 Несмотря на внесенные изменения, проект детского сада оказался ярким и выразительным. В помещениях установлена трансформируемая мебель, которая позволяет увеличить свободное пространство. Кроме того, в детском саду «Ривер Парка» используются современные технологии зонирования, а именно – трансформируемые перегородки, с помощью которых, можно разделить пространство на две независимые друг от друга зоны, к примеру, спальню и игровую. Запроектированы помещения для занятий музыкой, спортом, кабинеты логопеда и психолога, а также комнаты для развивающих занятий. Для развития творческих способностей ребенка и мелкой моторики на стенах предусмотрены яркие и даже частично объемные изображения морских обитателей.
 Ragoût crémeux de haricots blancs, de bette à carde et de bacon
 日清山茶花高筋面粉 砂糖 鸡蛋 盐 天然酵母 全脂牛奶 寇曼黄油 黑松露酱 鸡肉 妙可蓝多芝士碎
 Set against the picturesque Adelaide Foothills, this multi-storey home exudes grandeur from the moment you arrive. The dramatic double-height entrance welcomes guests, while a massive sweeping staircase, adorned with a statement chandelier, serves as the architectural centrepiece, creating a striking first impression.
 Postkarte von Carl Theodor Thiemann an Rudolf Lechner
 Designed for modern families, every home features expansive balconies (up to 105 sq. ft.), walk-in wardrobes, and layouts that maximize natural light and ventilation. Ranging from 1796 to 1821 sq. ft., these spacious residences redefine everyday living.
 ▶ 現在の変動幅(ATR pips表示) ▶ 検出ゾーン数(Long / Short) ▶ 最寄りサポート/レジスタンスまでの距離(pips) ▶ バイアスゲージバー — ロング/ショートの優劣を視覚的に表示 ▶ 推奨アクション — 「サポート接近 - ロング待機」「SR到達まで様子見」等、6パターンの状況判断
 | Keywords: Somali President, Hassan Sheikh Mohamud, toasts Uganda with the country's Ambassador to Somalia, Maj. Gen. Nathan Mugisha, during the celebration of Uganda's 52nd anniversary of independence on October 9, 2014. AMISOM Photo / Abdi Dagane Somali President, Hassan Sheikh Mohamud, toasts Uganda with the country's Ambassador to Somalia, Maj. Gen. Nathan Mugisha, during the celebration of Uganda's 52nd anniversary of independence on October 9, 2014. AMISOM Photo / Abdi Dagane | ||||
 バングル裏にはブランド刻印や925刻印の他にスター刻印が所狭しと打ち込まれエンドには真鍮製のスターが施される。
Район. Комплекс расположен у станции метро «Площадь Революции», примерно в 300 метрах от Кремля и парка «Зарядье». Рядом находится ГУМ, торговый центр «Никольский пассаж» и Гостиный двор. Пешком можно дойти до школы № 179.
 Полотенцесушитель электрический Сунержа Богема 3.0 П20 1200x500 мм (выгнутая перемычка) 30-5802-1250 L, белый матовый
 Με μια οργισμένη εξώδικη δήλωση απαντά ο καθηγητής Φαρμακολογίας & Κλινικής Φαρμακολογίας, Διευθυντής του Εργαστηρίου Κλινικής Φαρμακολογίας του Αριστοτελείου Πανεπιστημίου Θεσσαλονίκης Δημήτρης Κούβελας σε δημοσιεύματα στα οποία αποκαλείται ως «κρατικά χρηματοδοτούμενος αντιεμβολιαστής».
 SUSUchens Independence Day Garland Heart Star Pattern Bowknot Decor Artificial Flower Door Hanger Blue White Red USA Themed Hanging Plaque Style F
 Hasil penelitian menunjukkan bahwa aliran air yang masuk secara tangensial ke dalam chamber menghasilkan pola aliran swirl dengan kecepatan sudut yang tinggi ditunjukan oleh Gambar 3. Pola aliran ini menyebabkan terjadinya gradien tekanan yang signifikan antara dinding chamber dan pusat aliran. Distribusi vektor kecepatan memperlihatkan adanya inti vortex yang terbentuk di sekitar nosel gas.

--

Problem details: Repeat, character for character, the lines of the material above from the line with "Designed for modern" through the line with "SUSUchens Independence Day".

Answer to this exercise:
 Designed for modern families, every home features expansive balconies (up to 105 sq. ft.), walk-in wardrobes, and layouts that maximize natural light and ventilation. Ranging from 1796 to 1821 sq. ft., these spacious residences redefine everyday living.
 ▶ 現在の変動幅(ATR pips表示) ▶ 検出ゾーン数(Long / Short) ▶ 最寄りサポート/レジスタンスまでの距離(pips) ▶ バイアスゲージバー — ロング/ショートの優劣を視覚的に表示 ▶ 推奨アクション — 「サポート接近 - ロング待機」「SR到達まで様子見」等、6パターンの状況判断
 | Keywords: Somali President, Hassan Sheikh Mohamud, toasts Uganda with the country's Ambassador to Somalia, Maj. Gen. Nathan Mugisha, during the celebration of Uganda's 52nd anniversary of independence on October 9, 2014. AMISOM Photo / Abdi Dagane Somali President, Hassan Sheikh Mohamud, toasts Uganda with the country's Ambassador to Somalia, Maj. Gen. Nathan Mugisha, during the celebration of Uganda's 52nd anniversary of independence on October 9, 2014. AMISOM Photo / Abdi Dagane | ||||
 バングル裏にはブランド刻印や925刻印の他にスター刻印が所狭しと打ち込まれエンドには真鍮製のスターが施される。
Район. Комплекс расположен у станции метро «Площадь Революции», примерно в 300 метрах от Кремля и парка «Зарядье». Рядом находится ГУМ, торговый центр «Никольский пассаж» и Гостиный двор. Пешком можно дойти до школы № 179.
 Полотенцесушитель электрический Сунержа Богема 3.0 П20 1200x500 мм (выгнутая перемычка) 30-5802-1250 L, белый матовый
 Με μια οργισμένη εξώδικη δήλωση απαντά ο καθηγητής Φαρμακολογίας & Κλινικής Φαρμακολογίας, Διευθυντής του Εργαστηρίου Κλινικής Φαρμακολογίας του Αριστοτελείου Πανεπιστημίου Θεσσαλονίκης Δημήτρης Κούβελας σε δημοσιεύματα στα οποία αποκαλείται ως «κρατικά χρηματοδοτούμενος αντιεμβολιαστής».
 SUSUchens Independence Day Garland Heart Star Pattern Bowknot Decor Artificial Flower Door Hanger Blue White Red USA Themed Hanging Plaque Style F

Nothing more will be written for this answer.